Bu Organizasyon nedeniyle birbirlerini tanımayan veya uzaktan tanıyan hemşerilerimiz, özellikle yeni yetişen gençlerimizin bir araya gelerek birbirlerini tanımasına ve kaynaşmasına, iletişim kurmalarına vesile olacağı düşüncesiyle böyle bir Pilav ve Keşkek şenliği ve eğlencenin dernek tarafından organize edilmesi gerektiği bütün üyelerimizin istekleri olduğunu belirtmişlerdir. Bu isteği yeni seçilecek olan Yönetim Kurulunun mutlaka değerlendirmesi gerektiğini söyledi.
 Yapılan bu hizmetlerin anlatılmasından sonra Divan Başkanı tarafından Raporlar üzerinde soru sormak ve görüş bildirmek isteyen üye olup, olmadığı soruldu, raporlar üzerinde başka bir görüş bildirmek üzere söz isteyen üye olmadığından divan Başkanı tarafından Faaliyet Raporu, Mali Rapor ve Denetim Raporlarının kabulü veya reddi yönünde Genel Kurul Üyelerinin oyuna sunuldu raporlar ve Yönetim Kurulunun oylama neticesinde üyelerin oy çokluğu ile kabul edilerek, ibra edilmiştir. 
M.Ali Meydan Ramazanda verilen iftar yemeği ile ilgili Genel Kurulda bir konuşa yaptı konuşmasında 2011 Yılı Köyümüzde Ramazan ayının daha bir başka güzel geçeceğini şimdiden hissediyorum. Köyümüzde iftar yemeği vermek isteyen hayırsever insanlarımızın benim şu anda elimdeki sıra listeden anlıyorum. Geçen ramazan ayında yemekte ufak defek aksaklıklarımız oldu bu sene hayırsever vatandaşlarımızın katkılarıyla kap kaşık vs. eksiklerimiz büyük ölçüde giderilmiştir.  Köyümüzde her akşam yine köyümüz halkından hayırsever kişiler tarafından Okul bahçesinde tüm köy halkına iftar yemeği verilecektir. Köyümüz halkına böyle bir imkânı sağlayan, her türlü konuda maddi ve manevi emeği geçen herkese şahsım ve köy halkı adına sonsuz teşekkür ve şükranlarımı arz ediyorum. Melanlılar olarak gerçek Anadolu insanı kimliğini taşıdığımız bu sene daha da bariz bir şekilde ortaya çıkacaktır. Köyümüz iftar yemeğinde ne ararsanız görürsünüz. Birlik, beraberlik, kardeşlik dayanışma hemen hemen her şey daha güzel bu sene yaşanacaktır. Köyümüz ve köyümüz insanı ile bir kez daha gurur duyuyorum.

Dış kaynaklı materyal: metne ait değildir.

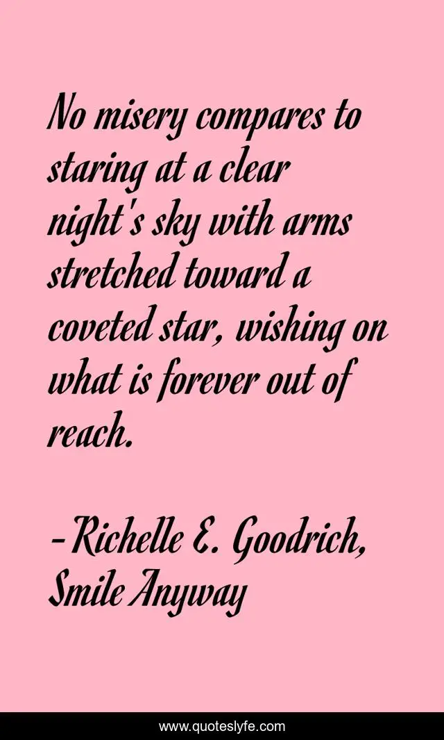 This page presents the quote "No misery compares to staring at a clear night's sky with arms stretched toward a coveted star, wishing on what is forever out of reach.". Author of this quote is Richelle E. Goodrich, Smile Anyway. This quote is about covet, wishing, yearning, richelle, stars, misery, wanting, richelle-goodrich,.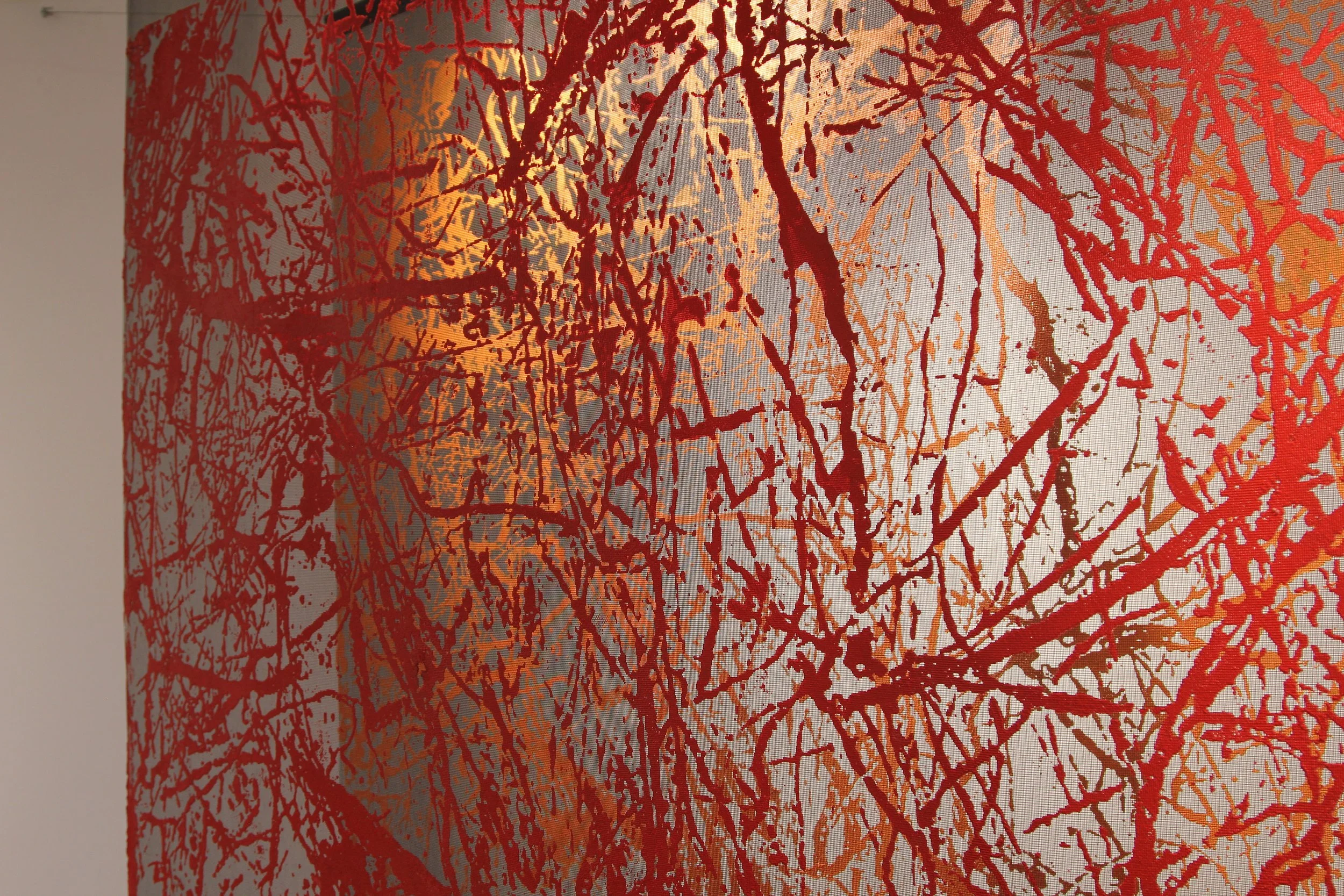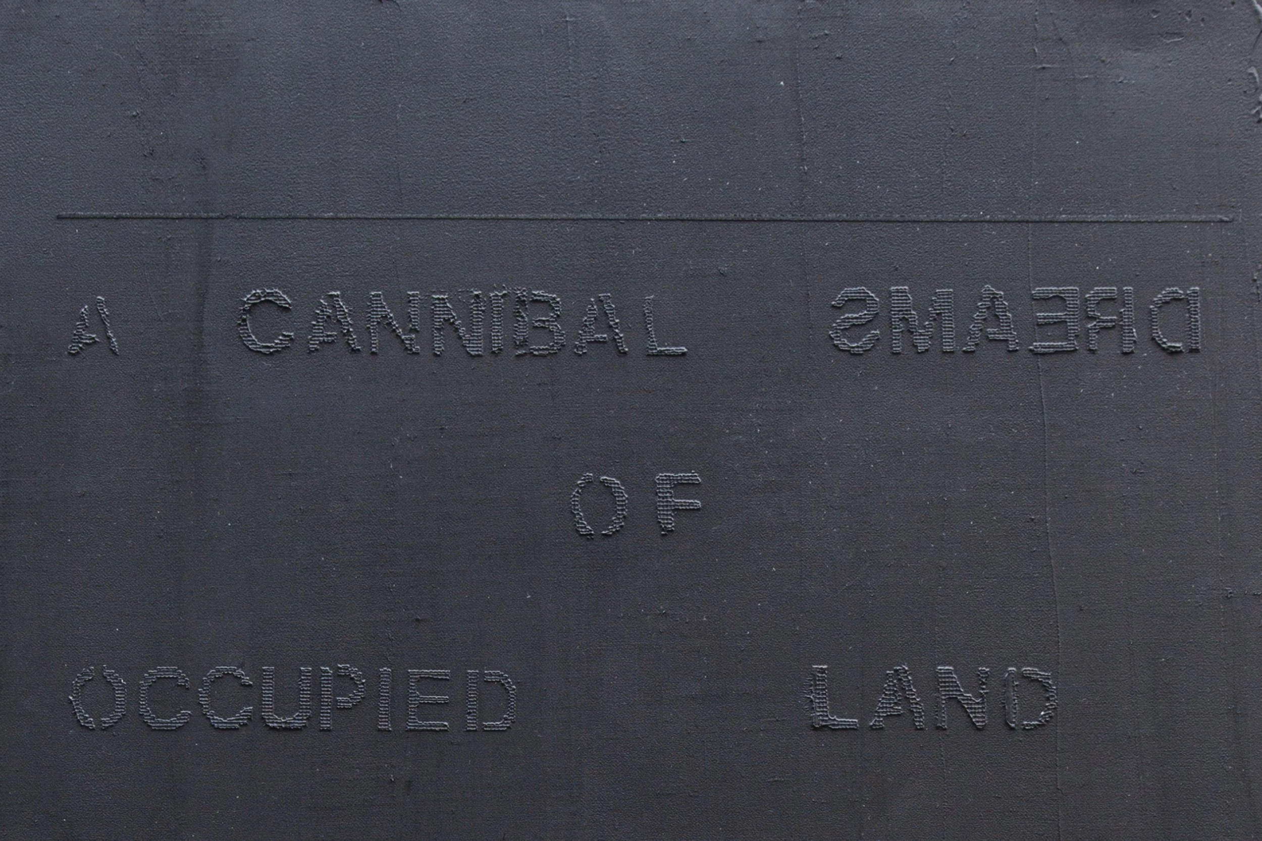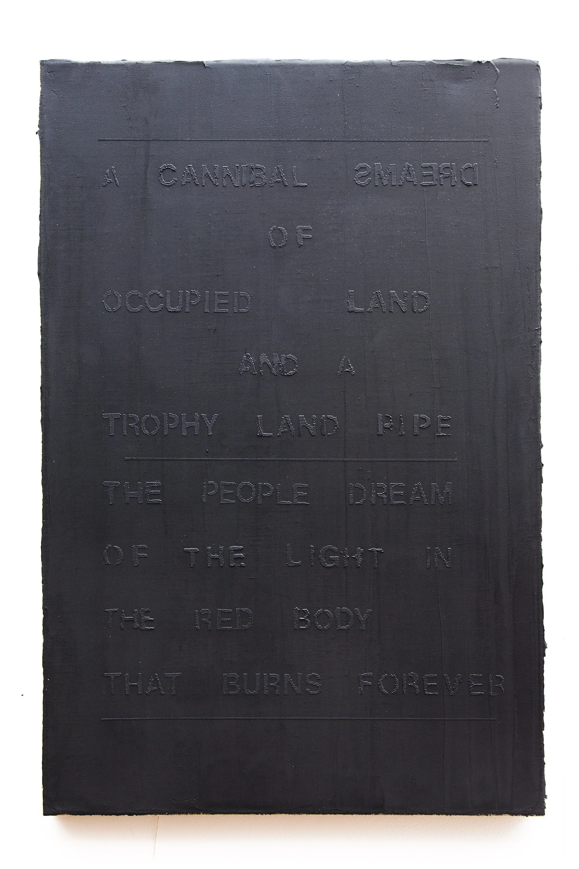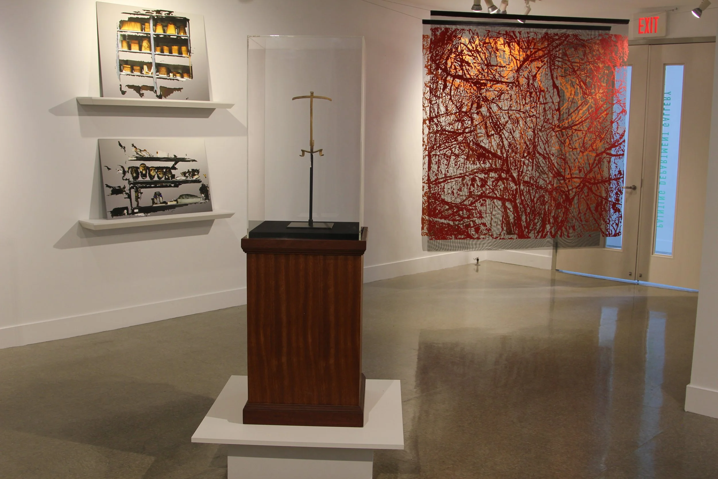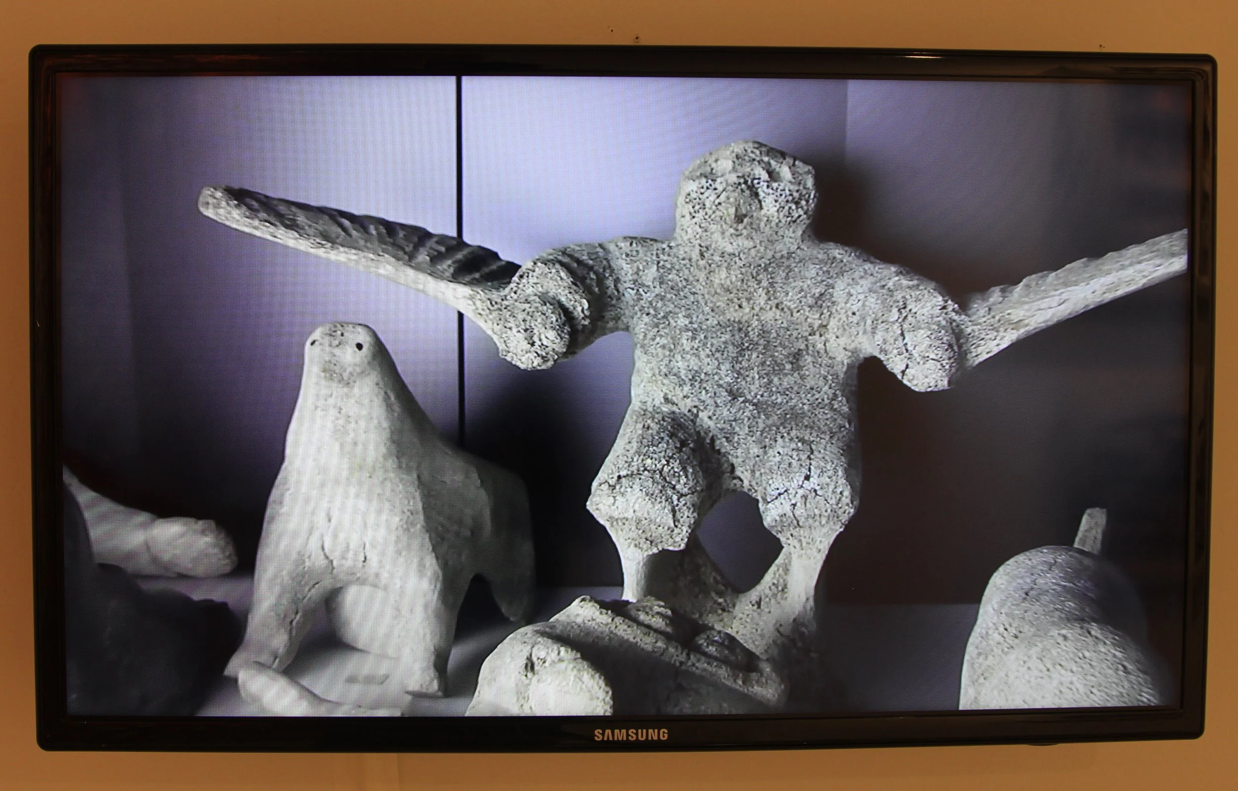 The exhibition, spanning two venues, featured North American Tribal objects at the John Hay Library and an immersive exhibition at Memorial Hall. These objects—ranging from a Kiowa cradleboard to Inuit sculptures carved from marine ivory—are stripped of their cultural contexts in institutional settings. At Memorial Hall, the artists responded to these objects with installations that included animated 3D scans, text paintings, video, digital prints, hanging screens and a single empty display case representing the institutional authority of the museum. Slick’s text paintings give voice to the Indigenous perspective and the separation of objects from their cultures, while Smick’s hanging screens reflect the invasive forces of colonialism. Together this exhibition was created in response to the decontextualization of these objects, exploring themes of colonialism, cultural erasure, and transformation.

Kadın erkek köy halkı insanının iftar yemeği sırasına dizilişlerini, ezanla birlikte 150-170 kişinin birlikte oruç açışlarını, yemek sonrası birlikte el açarak amin diyerek yemek duasına katılışlarını. Daha bundan güzel ne olabilir. Bende elimden geldiği kadar sizlerin tevessüüne layık olmaya çalışacağım. Bizlere Maddi destekte bulunarak köyümüz insanına ALLAH bol kazanç versin, niyetlerinizi kabul etsin. Diyerek konuşmasına son vermiştir.                       
 Cenaze hizmetlerindeki katkının aynen devam etmesini, Cenaze Hizmeti konusu Genel Kurula Katılan Bütün üyeler tarafından oylama neticesinde tamamının oylarıyla Derneğimize üye olmayan üyelerimize cenaze hizmetlerinde katkıda bulunmamasına karar verildi. Bu hizmetlerindeki aksamalar konusunda üyelerimizin çeşitli şikâyetlerini dile getirdiler. Bu Hizmette bir organizasyon eksikliği olduğunu bununda çeşitli örneklerle anlattılar. Yeni seçilen Yönetim Kurulunun bu dönemde üyelerimizin ikamet ettikleri semtler de göz önüne alınarak bu semtlerde bir cenaze iletişim komite sorumlusunun olmasının gerektiği ve bu sorumlu sayesinde iletişimin daha düzenli yapılacağını böylece bu eksikliğin giderilerek şikâyetlerin ortadan kalkacağını söylediler. 
 Üye aidatlarının artırılıp, artırılmayacağı konusu görüşülmeye açıldı. Üyelerimizden İbrahim Yoğurtcu, Nihat Yazıcı, İlyas Bodur, Mustafa Yılmaz, Rıfat Duman, Necati Duman, Mevlüt Yılmaz, Mustafa Yılmaz Mahir Yazıcı ve İsa Erdoğan Derneğimizin fazla bir geliri olmadığını ekonomik kriz nedeniyle aidatlarının bir sonraki Genel Kurula kadar aynı kalması ve konunun tekrar bir sonraki Genel Kurulda görüşülmesi teklifinde bulunmuşlardır. Bu teklifte üyelerin oy çokluğu ile kabul edilmiştir. 2011–2012–2013Yıllarına ait üye aidatların aynı kalması oylama neticesinde oybirliği ile kabul edilmiştir. Üyelerimizin yaptığı hizmetlerden ve çalışmalarından dolayı eski Yönetim Kuruluna teşekkür ederek, Yeni Oluşacak olan Yönetim Kuruluna da başarılar dileğinde bulunmuştur.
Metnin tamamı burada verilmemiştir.